Server (mcp_server_example.py):

import logging
from langchain_openai import ChatOpenAI
from langgraph.graph import START, MessagesState, StateGraph
from kiboup import KiboAgentMcp, LLMUsage

llm = ChatOpenAI(model="gpt-4o-mini")
graph_builder = StateGraph(MessagesState)

def chatbot(state: MessagesState):
    return {"messages": [llm.invoke(state["messages"])]}

graph_builder.add_node("chatbot", chatbot)
graph_builder.add_edge(START, "chatbot")
graph = graph_builder.compile()

app = KiboAgentMcp(
    name="LangGraph MCP Server",
    api_keys={"sk-mcp-abc": "web-app"},
)

@app.tool()
async def ask(question: str) -> str:
    """Ask a question to the LangGraph agent powered by GPT-4o-mini."""
    result = await graph.ainvoke(
        {"messages": [{"role": "user", "content": question}]}
    )
    return result["messages"][-1].content

@app.tool()
def summarize(text: str) -> str:
    """Summarize the given text using GPT-4o-mini."""
    result = graph.invoke(
        {"messages": [{"role": "user", "content": f"Summarize this text:\n\n{text}"}]}
    )
    return result["messages"][-1].content

if __name__ == "__main__":
    app.run(transport="sse")

Client (mcp_client_example.py):

import asyncio
from kiboup import KiboMcpClient

async def main():
    async with KiboMcpClient("http://localhost:8000/sse", api_key="sk-mcp-abc") as client:
        tools = await client.list_tools()
        print(f"Available tools: {tools}")

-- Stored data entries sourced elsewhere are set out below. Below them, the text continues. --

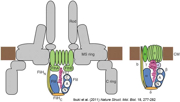図12:べん毛のタンパク質輸送装置(左)とATP合成酵素(右)。Ibuki et al. (2011) Nature Struct. Mol. Biol. より引用
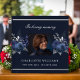 Ein Gästebuch für eine Gedenkfeier oder Beerdigung. Ein dunkelblauer Hintergrund mit blauen Blumen. Personalisieren und hinzufügen eines Fotos, Namens und Datums.
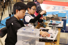会場には、専用ソフトがインストールされたパソコンとロボットのパーツが用意され、「レゴ マインドストーム EV3」や「mBot Ranger」など、4種類から自分の使い慣れたものを選んで競技できる。コースは当日発表され、「何秒進んで右に曲がる」などの進む時間を入力するほか、コースの壁や床の線をセンサーで認識して動きを制御する方法も取れるようなマップが用意されていた。攻略方法は選手が自由に選択。参加選手は「ドローンバトル」と同様に、第1~3戦の間にロボットの組み立てとプログラミングを繰り返し、練習と修正を行なっていた。
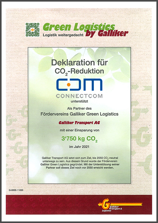 Seit März 2021 Ist Connect Com AG Mitglied des Fördervereins "Galliker Green Logistics". So investieren wir gemeinsam mit unserem Haupt-Spediteur in CO2-neutrale LKWs. Konkret werden LKW's mit Dieselmotor durch Fahrzeuge mit Elektro-, Wasserstoff- oder anderen nachhaltigen Antrieben ersetzt. Dies unter dem Motto: "Gemeinsam kommen wir weiter".
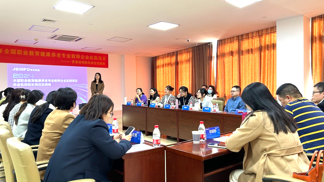 陈少清教授为老师们上了开班第一课。他提出我国现状养老模式为9631,距离9073(即居家养老90%,社区养老7%,机构养老3%)仍有差距。养老行业人才培养正面临4大挑战:“需求量大,人才供给不足;认可度低,职业吸引力不强;水平不高,缺乏专业化与职业化;招生困难,培养体系薄弱”,同时陈少清教授从政策保障、职业吸引力、教育质量提升、社会荣誉等方面论述了相关的解决思路。针对产教融合,陈少清教授与老师们就“如何以教师企业实践基地为平台和契机加大产教融合,建立产业和教育双向驱动机制、建立校企合作机制”,“如何实施‘双师制’教学”等话题,进行了探讨交流。
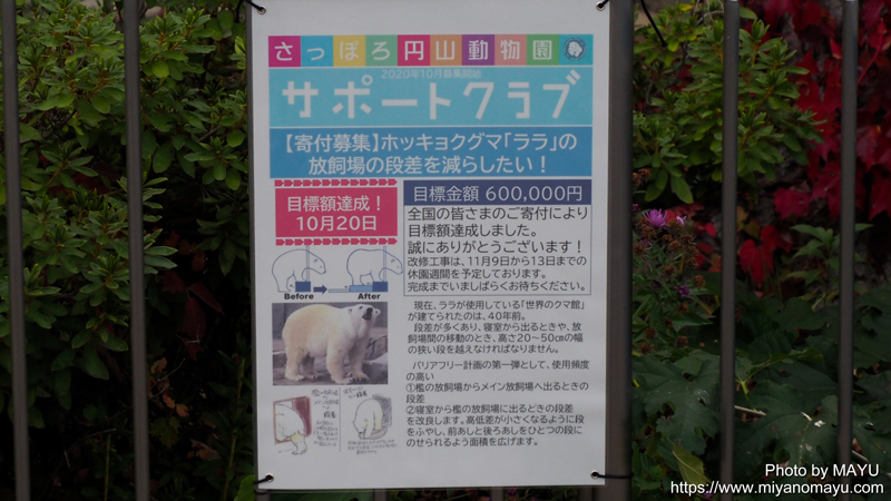 ララの放飼場の段差を減らすための、寄付金60万円が集まったことのお知らせが掲示されました。改修工事は早速11月9日〜13日(休園期間中)に行われるとのこと。

        result = await client.call_tool("ask", {"question": "What is the capital of France?"})
        print(f"Result: {result}")

if __name__ == "__main__":
    asyncio.run(main())

A2A Server + Client

Server (a2a_server_example.py):

import logging
from langchain_openai import ChatOpenAI
from langgraph.graph import START, MessagesState, StateGraph
from kiboup import LLMUsage
from kiboup.a2a.server import AgentExecutor, AgentSkill, KiboAgentA2A, TaskUpdater

llm = ChatOpenAI(model="gpt-4o-mini")
graph_builder = StateGraph(MessagesState)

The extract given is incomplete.